(Dataset items)
• • • • • • •

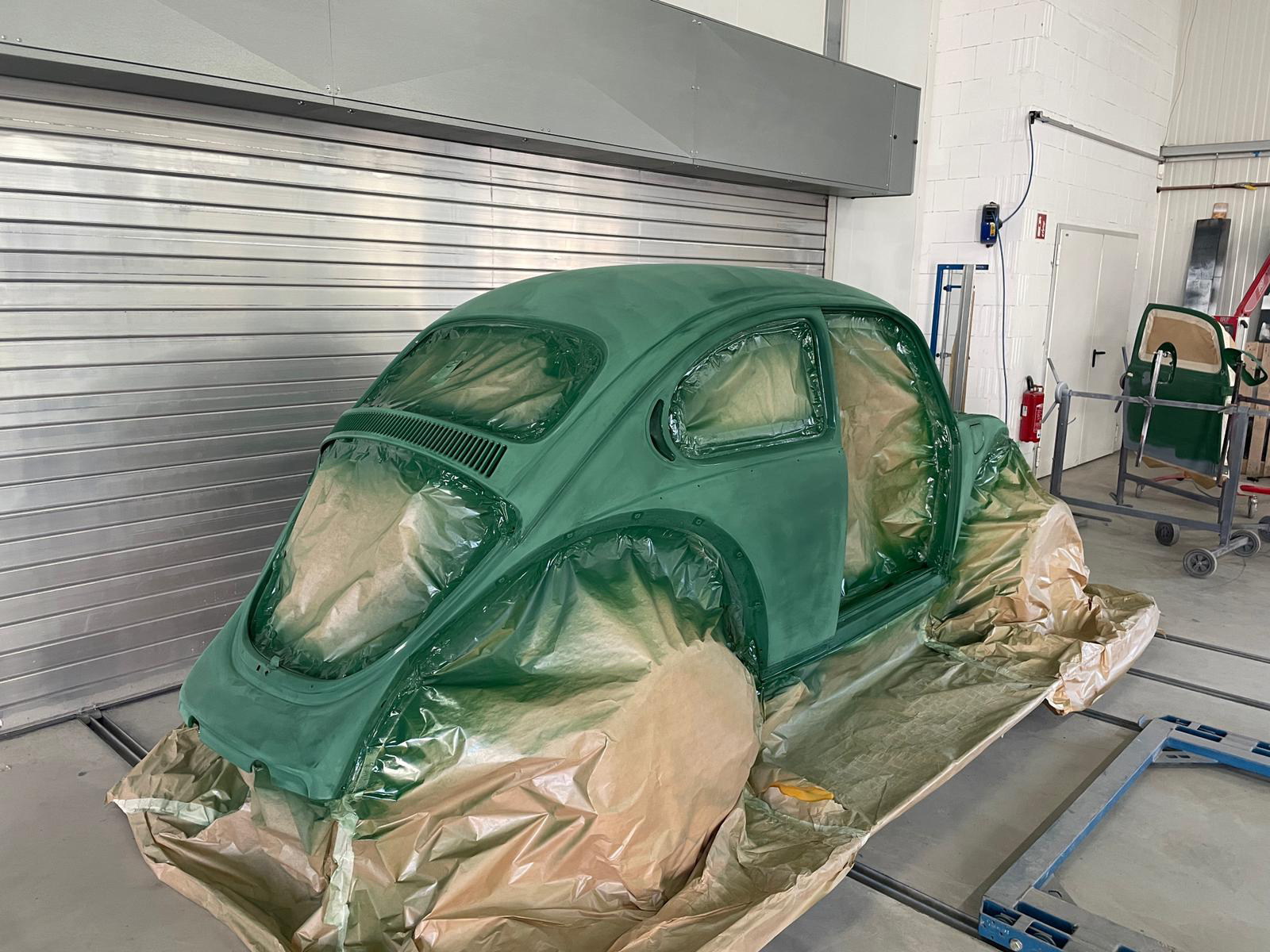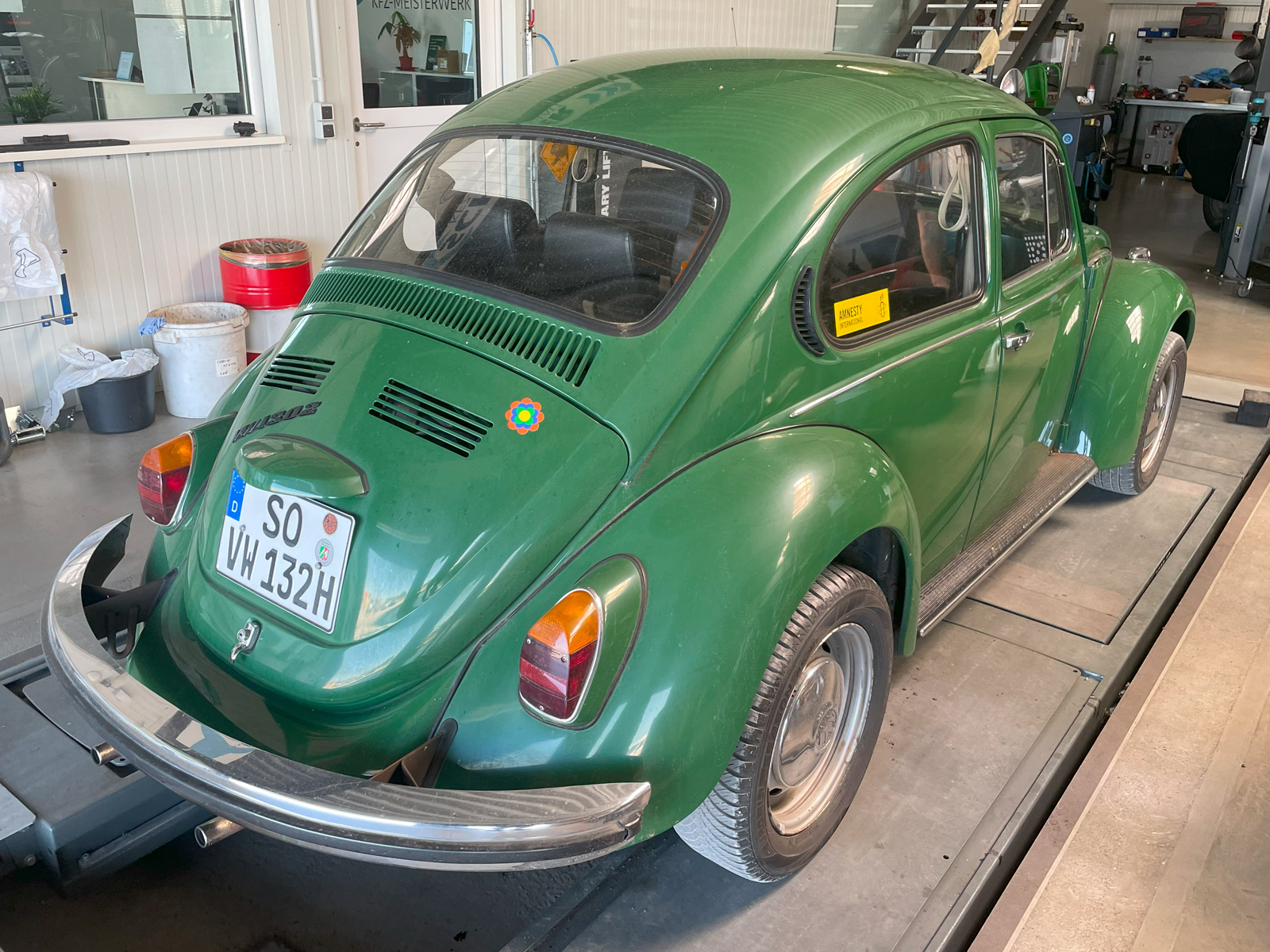 Dieser Käfer ist seit Jahrzehnten in Familienbesitz und begleitet seine Besitzerin durch den Alltag. Das hat über die Jahre seine Spuren hinterlassen und nun brauchte das Auto eine Auffrischung. Nach einer umfangreichen Bestandsaufnahme einigte man sich auf eine Teilrestauration. Die Bodenhälften, Schweller und viele weitere Blechteile wurden ersetzt und der Käfer neu lackiert. Innen wurden Himmel ersetzt und Sitze neu bezogen, zum Schluß erfolgte eine Rostschutzversiegelung.
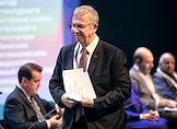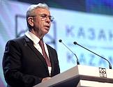 Архитектурно-строительный форум "Казаныш-2023" в Татарском государственном Академическом театре имени Г.Камала. Мэр Анкары Мансур Яваш во время выступления на пленарной сессии "Идентичность как важнейший ресурс развития современных городов".
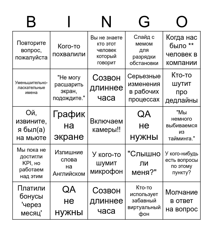 This bingo card has a free space and 24 words: Излишние слова на Английском, QA не нужны, Созвон длиннее часа, Платили бонусы 'через месяц', Когда нас было ** человек в компании, Повторите вопрос, пожалуйста, Уменьшительно- ласкательные имена, Кого-то похвалили, QA не нужны, У кого-то шумит микрофон, Серьезные изменения в рабочих процессах, Ой, извините, я был(а) на мьюте, "Слышно ли меня?", У кого-нибудь есть вопросы по этому пункту?, "Не могу расшарить экран, подождите.", Кто-то использует забавный виртуальный фон, "Мы немного выбиваемся из тайминга.", Вы не знаете кто этот человек который говорит, Кто-то шутит про дедлайны, График на экране, Молчание в ответ на вопрос, Мы пока не достигли KPI, но работаем над этим, Слайд с мемом для разрядки обстановки and Созвон длиннее часа.
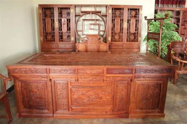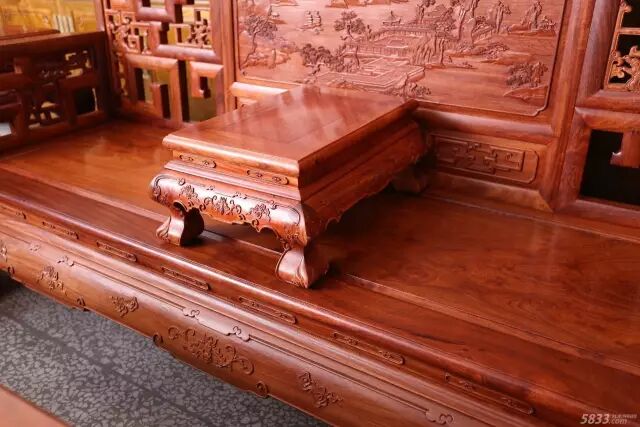 一件选材考究,雕饰精美的红木作品,它不仅似一件家具,更是一件工艺品。以形态图案而言,红木家具外形稳重沉实,图案在选题与雕刻上又相当自然活泼,精巧生动。就外观设计而言,精细的雕饰图案调和了家具在造型上的厚重感觉,平添了几分柔美。从精神的内涵来看,家具的纹饰各具特色,刻画生动细腻,技法炉火纯青,在平稳的造型中表达了精彩活泼的变化。
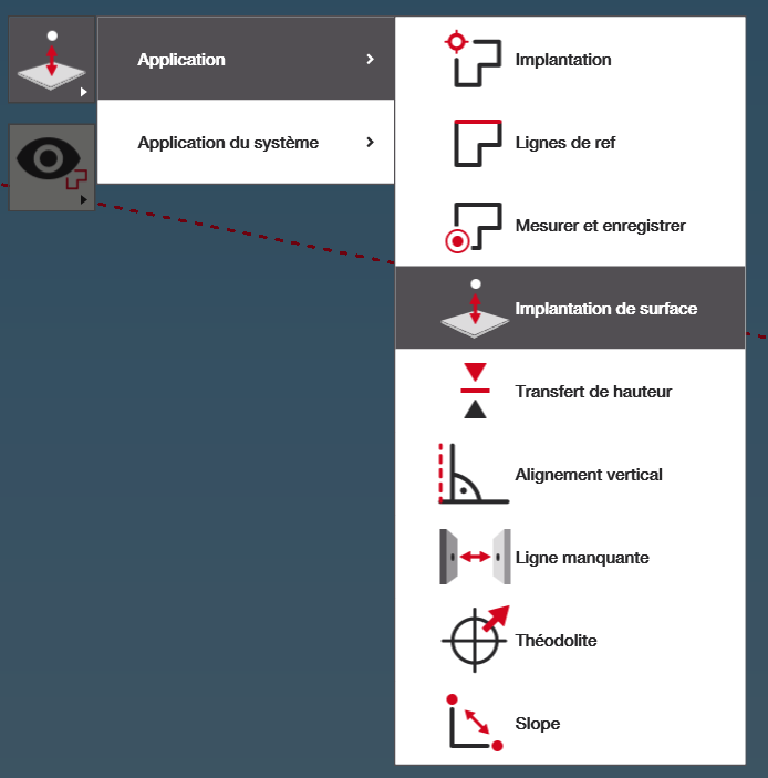 L'application Implantation de surface est couramment utilisée pour des tâches de contrôle et de vérification de hauteur lors des travaux d'excavation, de nivellement et d'installation.
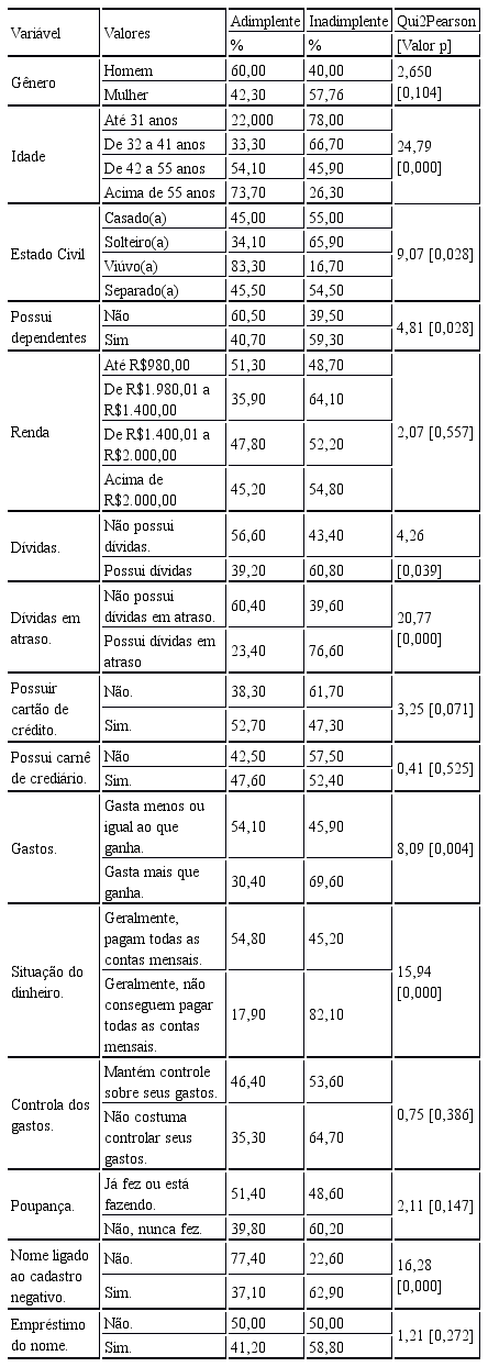 Entre os indivíduos com dependentes há uma proporção maior com a inadimplência (59,3%) do que entre os indivíduos sem dependentes (39,5%), resultado em linha com estudos de Keese (2012), Silva (2011), Godwin (1990) e Lea, Webley e Walker (1995), os quais evidenciam que as famílias com maior número de filhos e dependentes, principalmente crianças, contraem maiores níveis de endividamento, em decorrência do aumento de gastos com situações imprevisíveis como doenças. Entre os indivíduos que possuem dívidas há uma proporção maior com alto nível de inadimplência (60,8%) do que entre os indivíduos que não possuem dívidas (43,4%). Entre os indivíduos que possuem dívidas em atraso há uma proporção maior com alto nível de inadimplência (76,6%) do que entre os indivíduos que não possuem dívidas em atraso (39,6%). Esses resultados são consistes com os estudos de Frade et al (2008) e Marques eFrade (2004).
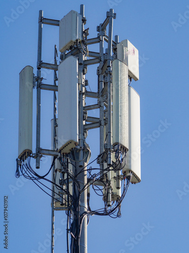 Telecommunication tower stands tall against a clear blue sky, broadcasting signals for mobile communication and internet connectivity, ensuring seamless communication in the modern world
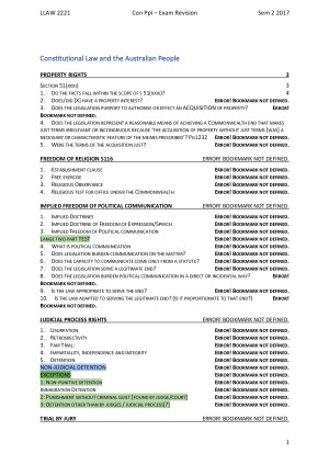 Comprehensive notes covering all topics - property rights - freedom of religion - implied freedom of political communication - Judicial Process etc. Road maps Relevant case law
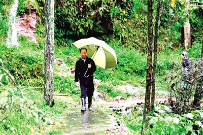 村里没有人比他更了解这片山头。经验告诉他,泥石流跟着水走。没有水,即使山岩裂缝造成塌方,石头也滚不远;一旦雨太大,山水裹挟着石头泥巴,冲出400多米都有可能。为了找到这些地质灾害隐患点,他扒开草丛才能确认那些隐蔽的山岩裂缝。10年里,他走遍这片山上百处地质灾害隐患点,平均每个月他和伙伴上山10来趟。
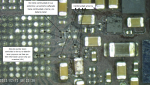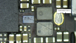 Hola compañeros, tengo un caso de un iPhone 5C que me ha llegado después de haberse mojado, nada más enchufarlo en la fuente daba un consumo de 0,200, le hice limpieza con pincel y cubeta ultrasonidos y no dió resultado, a continuación le desmonté la placa base y tenía corto en varios condensadores al lado del U21 (IC sonido) tras varias comprobaciones y conclusiones le desoldé ese IC pero el corto sigue, a continuación os pongo 3 fotos ordenadas para que le echéis un vistazo al recorrido de dicha línea que está en corto para ver si me podéis ayudar.

• • • • • • •

Task objective - Copy the records above exactly, leaving out every picture.

Response -
 Dieser Käfer ist seit Jahrzehnten in Familienbesitz und begleitet seine Besitzerin durch den Alltag. Das hat über die Jahre seine Spuren hinterlassen und nun brauchte das Auto eine Auffrischung. Nach einer umfangreichen Bestandsaufnahme einigte man sich auf eine Teilrestauration. Die Bodenhälften, Schweller und viele weitere Blechteile wurden ersetzt und der Käfer neu lackiert. Innen wurden Himmel ersetzt und Sitze neu bezogen, zum Schluß erfolgte eine Rostschutzversiegelung.
 Архитектурно-строительный форум "Казаныш-2023" в Татарском государственном Академическом театре имени Г.Камала. Мэр Анкары Мансур Яваш во время выступления на пленарной сессии "Идентичность как важнейший ресурс развития современных городов".
 This bingo card has a free space and 24 words: Излишние слова на Английском, QA не нужны, Созвон длиннее часа, Платили бонусы 'через месяц', Когда нас было ** человек в компании, Повторите вопрос, пожалуйста, Уменьшительно- ласкательные имена, Кого-то похвалили, QA не нужны, У кого-то шумит микрофон, Серьезные изменения в рабочих процессах, Ой, извините, я был(а) на мьюте, "Слышно ли меня?", У кого-нибудь есть вопросы по этому пункту?, "Не могу расшарить экран, подождите.", Кто-то использует забавный виртуальный фон, "Мы немного выбиваемся из тайминга.", Вы не знаете кто этот человек который говорит, Кто-то шутит про дедлайны, График на экране, Молчание в ответ на вопрос, Мы пока не достигли KPI, но работаем над этим, Слайд с мемом для разрядки обстановки and Созвон длиннее часа.
 一件选材考究,雕饰精美的红木作品,它不仅似一件家具,更是一件工艺品。以形态图案而言,红木家具外形稳重沉实,图案在选题与雕刻上又相当自然活泼,精巧生动。就外观设计而言,精细的雕饰图案调和了家具在造型上的厚重感觉,平添了几分柔美。从精神的内涵来看,家具的纹饰各具特色,刻画生动细腻,技法炉火纯青,在平稳的造型中表达了精彩活泼的变化。
 L'application Implantation de surface est couramment utilisée pour des tâches de contrôle et de vérification de hauteur lors des travaux d'excavation, de nivellement et d'installation.
 Entre os indivíduos com dependentes há uma proporção maior com a inadimplência (59,3%) do que entre os indivíduos sem dependentes (39,5%), resultado em linha com estudos de Keese (2012), Silva (2011), Godwin (1990) e Lea, Webley e Walker (1995), os quais evidenciam que as famílias com maior número de filhos e dependentes, principalmente crianças, contraem maiores níveis de endividamento, em decorrência do aumento de gastos com situações imprevisíveis como doenças. Entre os indivíduos que possuem dívidas há uma proporção maior com alto nível de inadimplência (60,8%) do que entre os indivíduos que não possuem dívidas (43,4%). Entre os indivíduos que possuem dívidas em atraso há uma proporção maior com alto nível de inadimplência (76,6%) do que entre os indivíduos que não possuem dívidas em atraso (39,6%). Esses resultados são consistes com os estudos de Frade et al (2008) e Marques eFrade (2004).
 Telecommunication tower stands tall against a clear blue sky, broadcasting signals for mobile communication and internet connectivity, ensuring seamless communication in the modern world
 Comprehensive notes covering all topics - property rights - freedom of religion - implied freedom of political communication - Judicial Process etc. Road maps Relevant case law
 村里没有人比他更了解这片山头。经验告诉他,泥石流跟着水走。没有水,即使山岩裂缝造成塌方,石头也滚不远;一旦雨太大,山水裹挟着石头泥巴,冲出400多米都有可能。为了找到这些地质灾害隐患点,他扒开草丛才能确认那些隐蔽的山岩裂缝。10年里,他走遍这片山上百处地质灾害隐患点,平均每个月他和伙伴上山10来趟。
 Hola compañeros, tengo un caso de un iPhone 5C que me ha llegado después de haberse mojado, nada más enchufarlo en la fuente daba un consumo de 0,200, le hice limpieza con pincel y cubeta ultrasonidos y no dió resultado, a continuación le desmonté la placa base y tenía corto en varios condensadores al lado del U21 (IC sonido) tras varias comprobaciones y conclusiones le desoldé ese IC pero el corto sigue, a continuación os pongo 3 fotos ordenadas para que le echéis un vistazo al recorrido de dicha línea que está en corto para ver si me podéis ayudar.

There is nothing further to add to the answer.